Task to carry out. For this exercise, write out only the lines of the entries below from the one with "Day 18 and we’ve" up to and including the one with "Дерево 2.5D Фрезерной", exactly as they are. Pictures stay out.

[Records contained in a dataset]
········

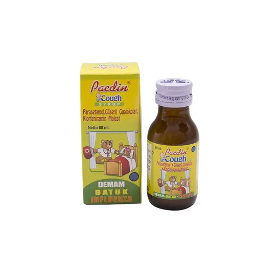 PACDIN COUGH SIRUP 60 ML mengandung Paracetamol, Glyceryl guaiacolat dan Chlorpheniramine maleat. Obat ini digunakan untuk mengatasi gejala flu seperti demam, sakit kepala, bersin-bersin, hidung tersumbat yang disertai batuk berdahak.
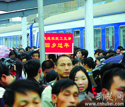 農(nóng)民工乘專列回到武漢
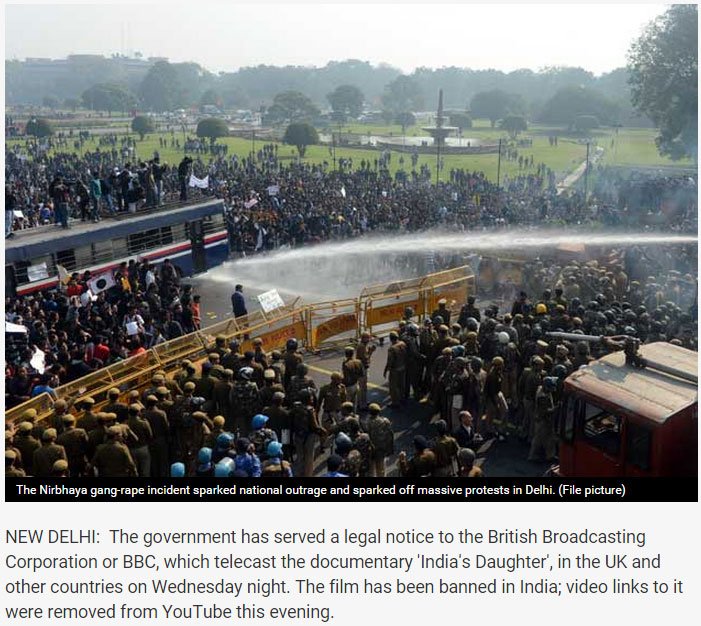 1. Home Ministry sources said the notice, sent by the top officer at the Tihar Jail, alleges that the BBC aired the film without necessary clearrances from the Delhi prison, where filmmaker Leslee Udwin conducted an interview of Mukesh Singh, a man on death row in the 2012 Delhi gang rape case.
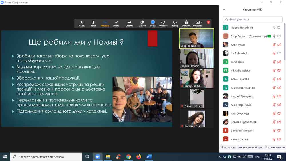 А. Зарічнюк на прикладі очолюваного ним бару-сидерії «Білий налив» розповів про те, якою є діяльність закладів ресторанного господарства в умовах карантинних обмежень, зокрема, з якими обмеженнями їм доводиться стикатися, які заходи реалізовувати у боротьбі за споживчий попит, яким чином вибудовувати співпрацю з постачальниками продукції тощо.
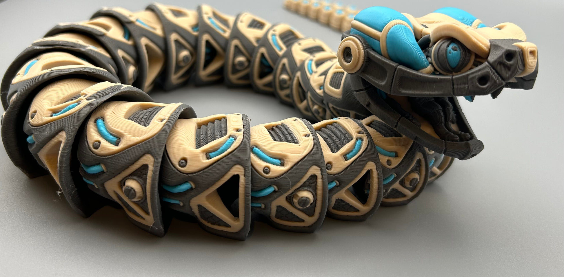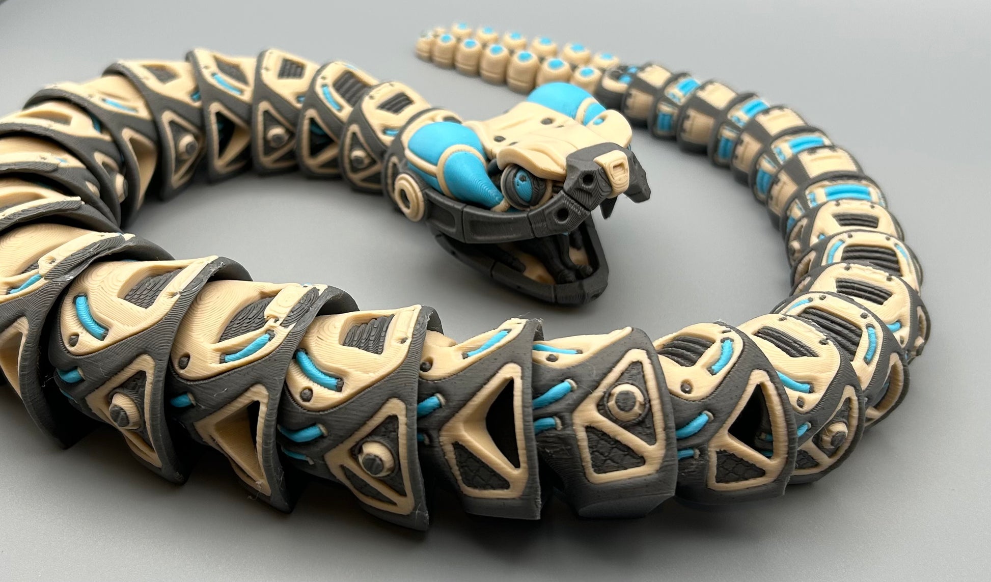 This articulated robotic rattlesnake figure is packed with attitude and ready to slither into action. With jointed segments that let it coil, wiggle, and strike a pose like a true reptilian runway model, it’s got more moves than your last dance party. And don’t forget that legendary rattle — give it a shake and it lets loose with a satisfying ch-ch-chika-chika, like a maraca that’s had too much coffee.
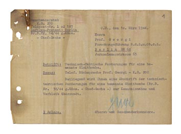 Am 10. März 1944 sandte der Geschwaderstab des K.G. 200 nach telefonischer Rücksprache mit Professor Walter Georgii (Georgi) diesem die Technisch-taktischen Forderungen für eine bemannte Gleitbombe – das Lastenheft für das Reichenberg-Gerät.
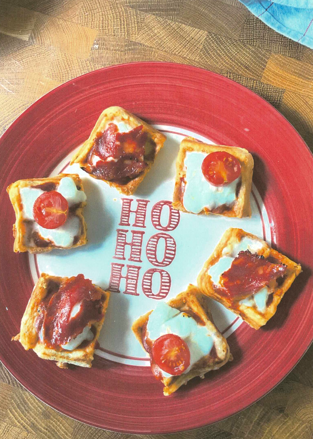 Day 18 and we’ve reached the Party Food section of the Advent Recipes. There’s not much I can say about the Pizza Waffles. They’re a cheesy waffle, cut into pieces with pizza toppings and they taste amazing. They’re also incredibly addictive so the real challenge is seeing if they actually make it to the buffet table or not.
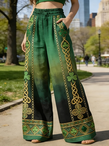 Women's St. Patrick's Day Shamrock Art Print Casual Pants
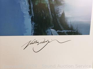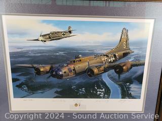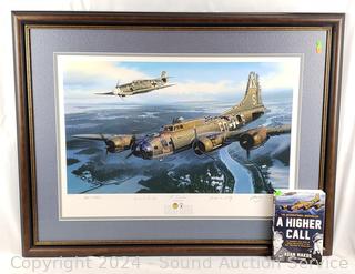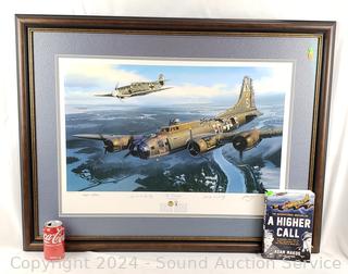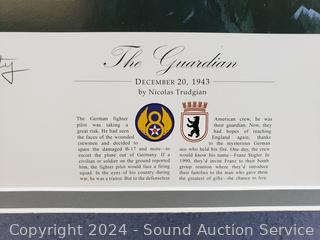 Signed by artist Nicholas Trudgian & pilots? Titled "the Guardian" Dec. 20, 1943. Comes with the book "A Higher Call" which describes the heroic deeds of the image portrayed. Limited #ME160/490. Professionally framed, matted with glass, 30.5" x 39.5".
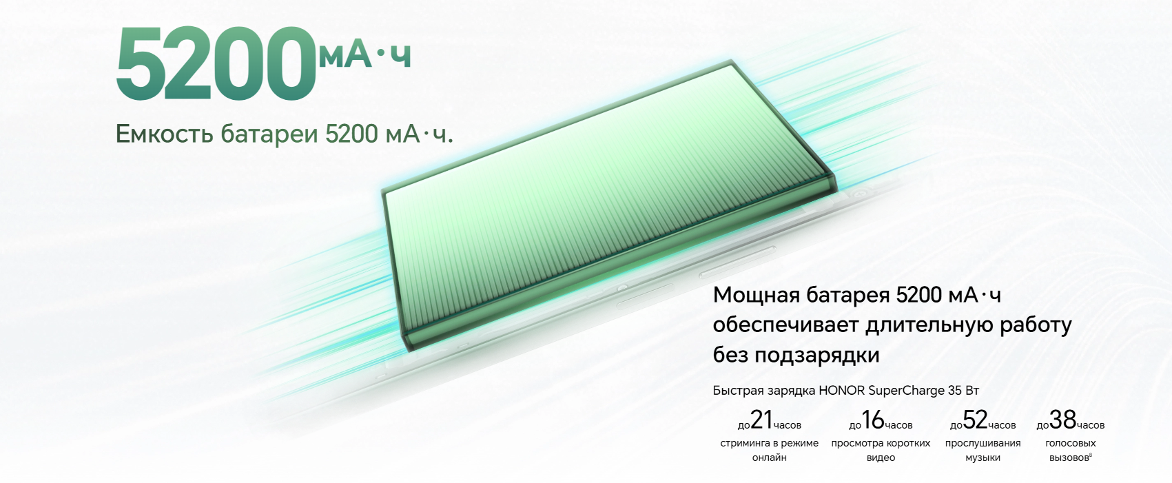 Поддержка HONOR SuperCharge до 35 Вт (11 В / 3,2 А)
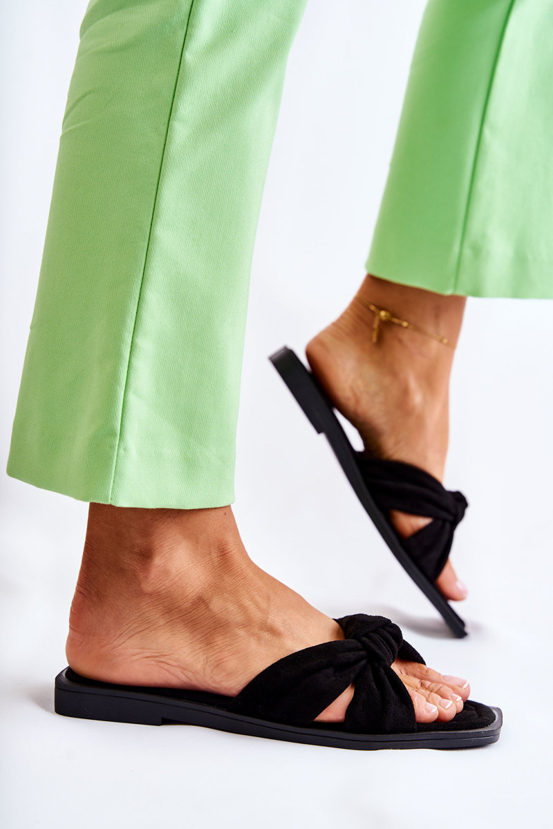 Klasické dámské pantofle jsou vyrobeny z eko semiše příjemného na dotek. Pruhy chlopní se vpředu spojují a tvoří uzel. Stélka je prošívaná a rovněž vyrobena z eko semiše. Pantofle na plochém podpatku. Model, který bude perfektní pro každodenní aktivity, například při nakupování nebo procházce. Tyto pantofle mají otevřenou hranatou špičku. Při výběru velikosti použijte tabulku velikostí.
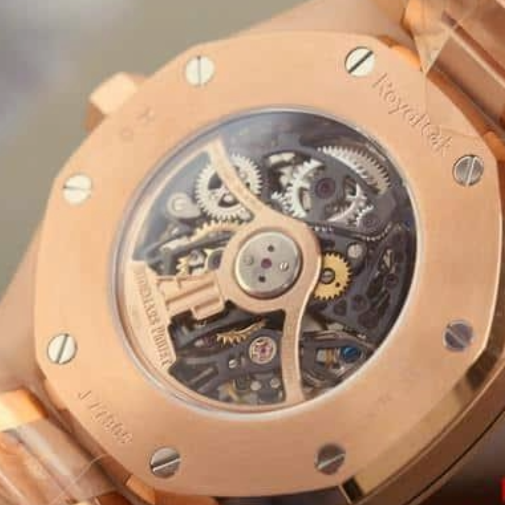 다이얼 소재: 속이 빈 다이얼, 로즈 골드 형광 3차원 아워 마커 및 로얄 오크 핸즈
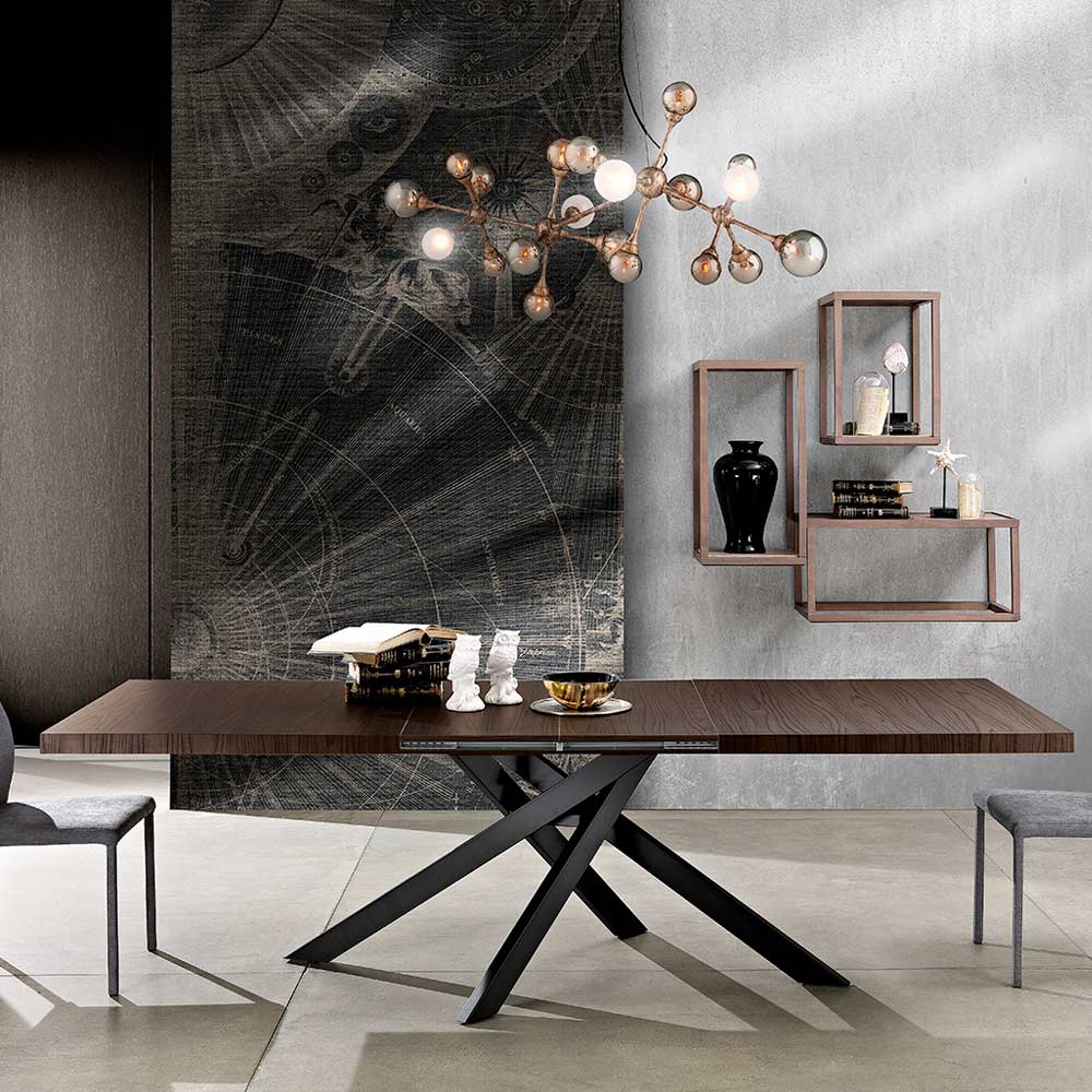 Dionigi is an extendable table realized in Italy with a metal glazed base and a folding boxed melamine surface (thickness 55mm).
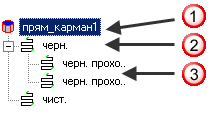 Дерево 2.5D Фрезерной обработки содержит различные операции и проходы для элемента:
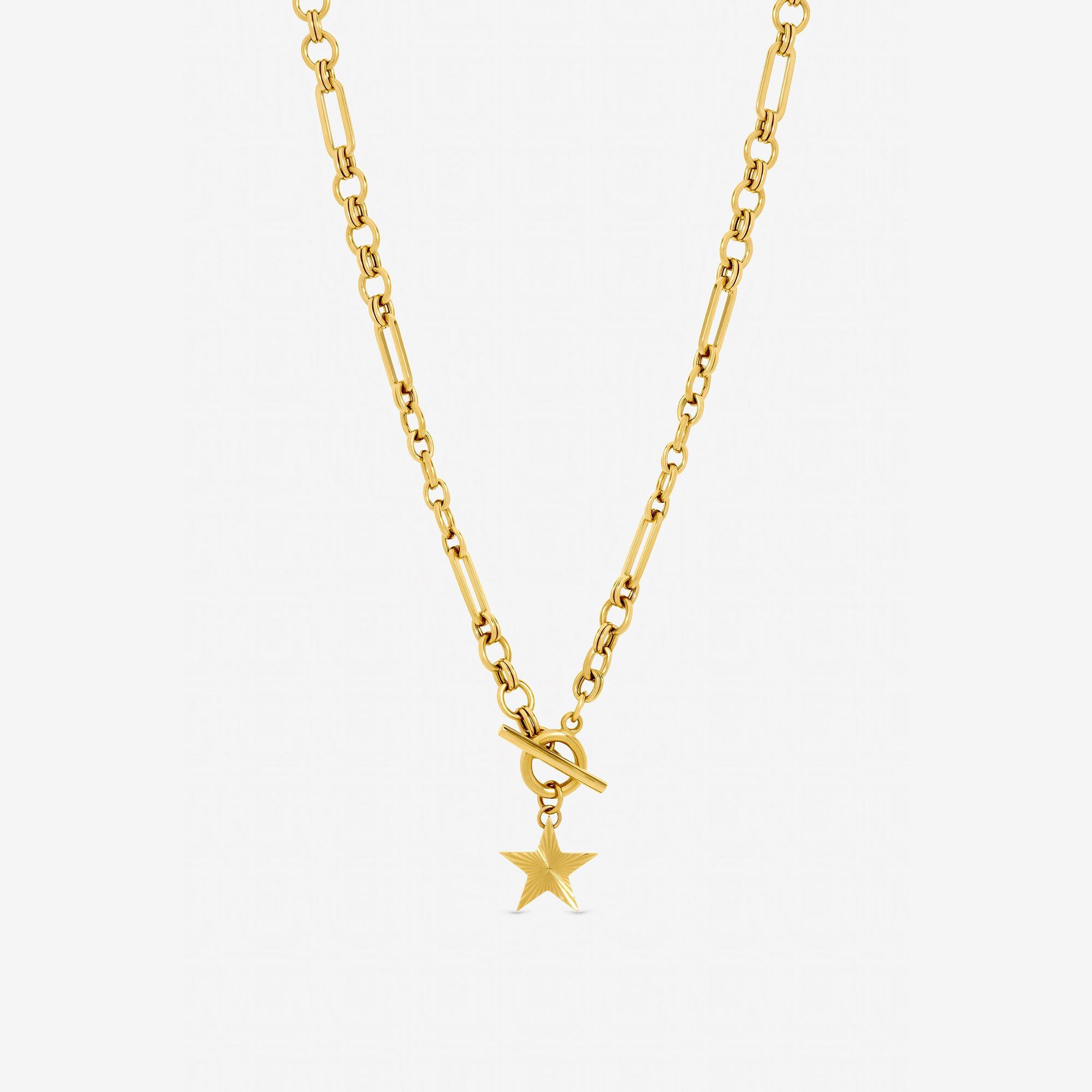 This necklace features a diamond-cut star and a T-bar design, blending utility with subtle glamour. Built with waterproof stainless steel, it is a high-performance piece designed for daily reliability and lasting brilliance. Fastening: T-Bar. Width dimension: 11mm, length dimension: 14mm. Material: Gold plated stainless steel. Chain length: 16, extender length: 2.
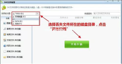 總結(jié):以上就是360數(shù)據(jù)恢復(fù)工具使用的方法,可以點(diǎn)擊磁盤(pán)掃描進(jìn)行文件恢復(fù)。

········

Solution to the problem.
 Day 18 and we’ve reached the Party Food section of the Advent Recipes. There’s not much I can say about the Pizza Waffles. They’re a cheesy waffle, cut into pieces with pizza toppings and they taste amazing. They’re also incredibly addictive so the real challenge is seeing if they actually make it to the buffet table or not.
 Women's St. Patrick's Day Shamrock Art Print Casual Pants
 Signed by artist Nicholas Trudgian & pilots? Titled "the Guardian" Dec. 20, 1943. Comes with the book "A Higher Call" which describes the heroic deeds of the image portrayed. Limited #ME160/490. Professionally framed, matted with glass, 30.5" x 39.5".
 Поддержка HONOR SuperCharge до 35 Вт (11 В / 3,2 А)
 Klasické dámské pantofle jsou vyrobeny z eko semiše příjemného na dotek. Pruhy chlopní se vpředu spojují a tvoří uzel. Stélka je prošívaná a rovněž vyrobena z eko semiše. Pantofle na plochém podpatku. Model, který bude perfektní pro každodenní aktivity, například při nakupování nebo procházce. Tyto pantofle mají otevřenou hranatou špičku. Při výběru velikosti použijte tabulku velikostí.
 다이얼 소재: 속이 빈 다이얼, 로즈 골드 형광 3차원 아워 마커 및 로얄 오크 핸즈
 Dionigi is an extendable table realized in Italy with a metal glazed base and a folding boxed melamine surface (thickness 55mm).
 Дерево 2.5D Фрезерной обработки содержит различные операции и проходы для элемента:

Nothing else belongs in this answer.